Additionally, “[w]hen the defendant is a corporation, ‘[a]n award of punitive damages against a corporation ... must rest on the malice of the corporation's employees. But the law does not impute every employee's malice to the corporation.’ [Citation.] Instead, the oppression, fraud, or malice must be perpetrated, authorized, or knowingly ratified by an officer, director, or managing agent of the corporation. (Civ.Code, § 3294, subd. (b).)” (Wilson v. S. California Edison Co. (2015) 234 Cal. App. 4th 123, 164.)
Here, considering the allegations discussed in the demurrer, Plaintiff has alleged facts of malice, oppression or fraud, that if true and proven at trial, could amount to an award of punitive damages. The court therefore declines to strike the allegations at this time.

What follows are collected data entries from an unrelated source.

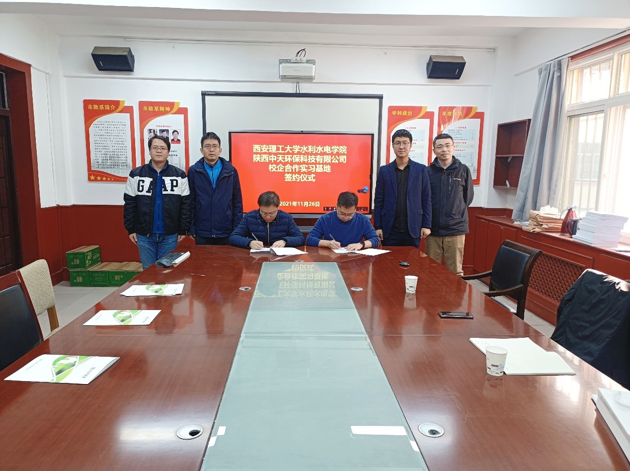 2021年11月26日下午,必赢网络游戏平台与陕西中天环保科技有限公司交流合作会议暨实习基地签约仪式在市政与环境工程系会议室举行。水电学院副院长吴罗长、市政系副主任王东琦、张耀中,以及中天环保公司总经理李岩等出席了本次会议。
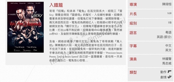 而在其電影網站裡,亦看到電影《入鐵籠》的介紹,該片片長為108分鐘,電影描述兩兄弟在孤兒院長大,其餘經院工領養入住鄉村團館。其後關乎MMA職業團賽的故事。
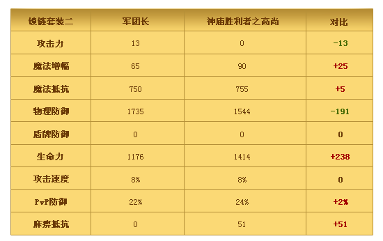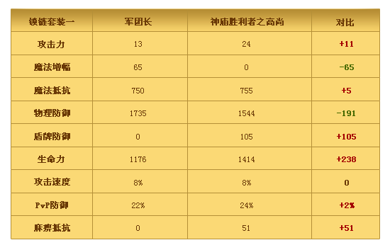“神庙胜利者之高尚”系列武器与防具是《永恒之塔:神之竞技场》的最强PvP装备之一,您可以通过全新副本“第3神庙训练所”中获得的“神庙徽章”与“勇气之神庙徽章”兑换。 在独特的“第2阶段神圣力注入效果”加成下,它的威力甚至隐约凌驾于曾经的PvP装备王者“军团长”系列,他们究竟孰强孰弱,我们将通过一系列对比测评为各位守护者展示。本期是锁链篇: 备注:1、上表“神庙胜利者之高尚”系列武器与防具的属性均为“第2阶段神圣力”注入后的效果。 2、上表属性为头部、胸部、肩膀、手套、腿部、脚部的总属性。 3、以上数据均来自于《永恒之塔:神之竞技场》测试版本,实际数据请以游戏内为准。第三神庙训练所:史上首次的PvP副本,孤独与混沌的战斗,竞技场里没有朋友!帕德玛夏的洞穴:徘徊在龙界的敏锐巨龙化身副本首领,齐聚48名守护者的史诗级挑战!顶尖装备:首度登场的高尚系列武器与防具、全新的帕德玛夏与代行者英雄级装备!神圣力注入:第二阶段注入解封,强化之路没有尽头!龙界要塞战:更丰厚的白金功勋勋章奖励,更新颖的赫拉纳斯和泰格拉克战斗方式!以及更多、更多精彩变化…… 今年11月,决战神之竞技场!
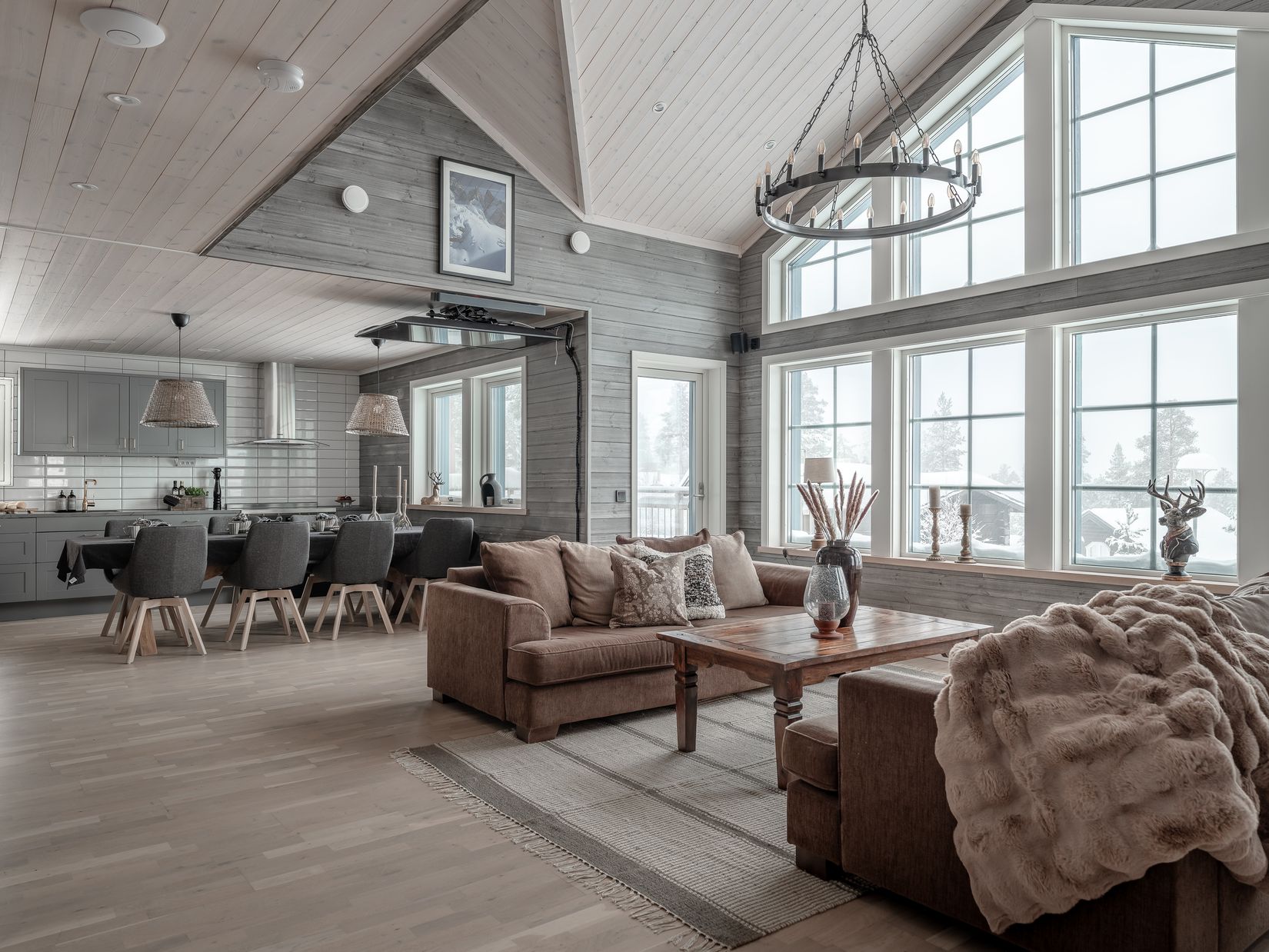 Materialvalen är fjällanpassade och präglas av en genomarbetad helhet där kvalitet och estetik går hand i hand. Detaljerna är valda med omtanke för att skapa ett tidlöst, harmoniskt och påkostat boende. Huset är skapat för att användas under helger, lov och längre vistelser, där fjällivet får ta plats med hög komfort och kvalitet. Funktionaliteten förstärks ytterligare av energieffektiv bergvärme i kombination med FTX-ventilation.
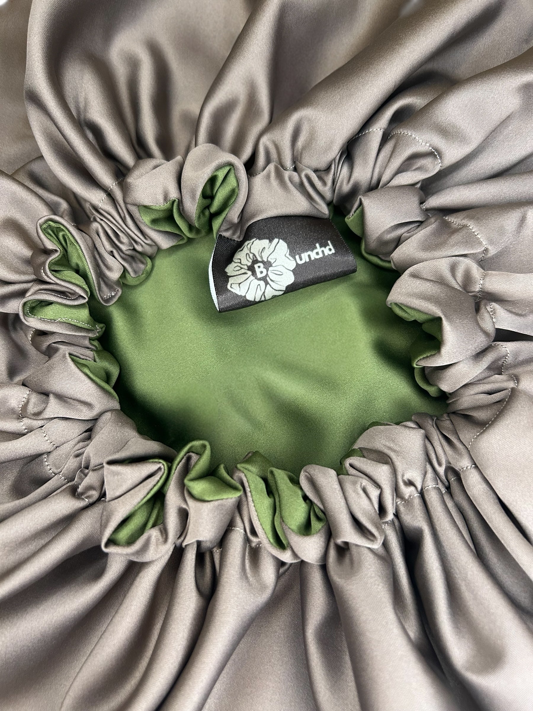 This Reversible Micro Satin Bonnet features a sleek, luxurious design and feel in a rich brown and olive green colour combination, perfect for protecting your hair overnight. Made from soft micro satin fabric, it helps reduce friction, preventing hair breakage and preserving moisture for healthier, smoother locks. Whether you're looking to maintain your hairstyle or protect your tresses while you sleep, this stylish bonnet combines function with elegance.

Accordingly, Defendant’s Motion to Strike punitive damages is DENIED.
2. Release
In the FAC, Plaintiff alleges that “Defendants failed to provide Plaintiff with a full and ample opportunity to consider the agreement and failed to extend revocation rights to Plaintiff.” (FAC ¶ 32.)
Defendants contend this allegation is irrelevant because a revocation is not required. Plaintiff does not address this point in her opposition, thereby conceding it.
Accordingly, Defendants’ Motion to Strike paragraph 32 of the FAC is GRANTED without leave to amend.
IT IS SO ORDERED.
Dated: August 13, 2024 ___________________________________
Randolph M. Hammock
Judge of the Superior Court
Any party may submit on the tentative ruling by contacting the courtroom via email at Smcdept49@lacourt.org by no later than 4:00 p.m. the day before the hearing. All interested parties must be copied on the email. It should be noted that if you submit on a tentative ruling the court will still conduct a hearing if any party appears. By submitting on the tentative you have, in essence, waived your right to be present at the hearing, and you should be aware that the court may not adopt the tentative, and may issue an order which modifies the tentative ruling in whole or in part.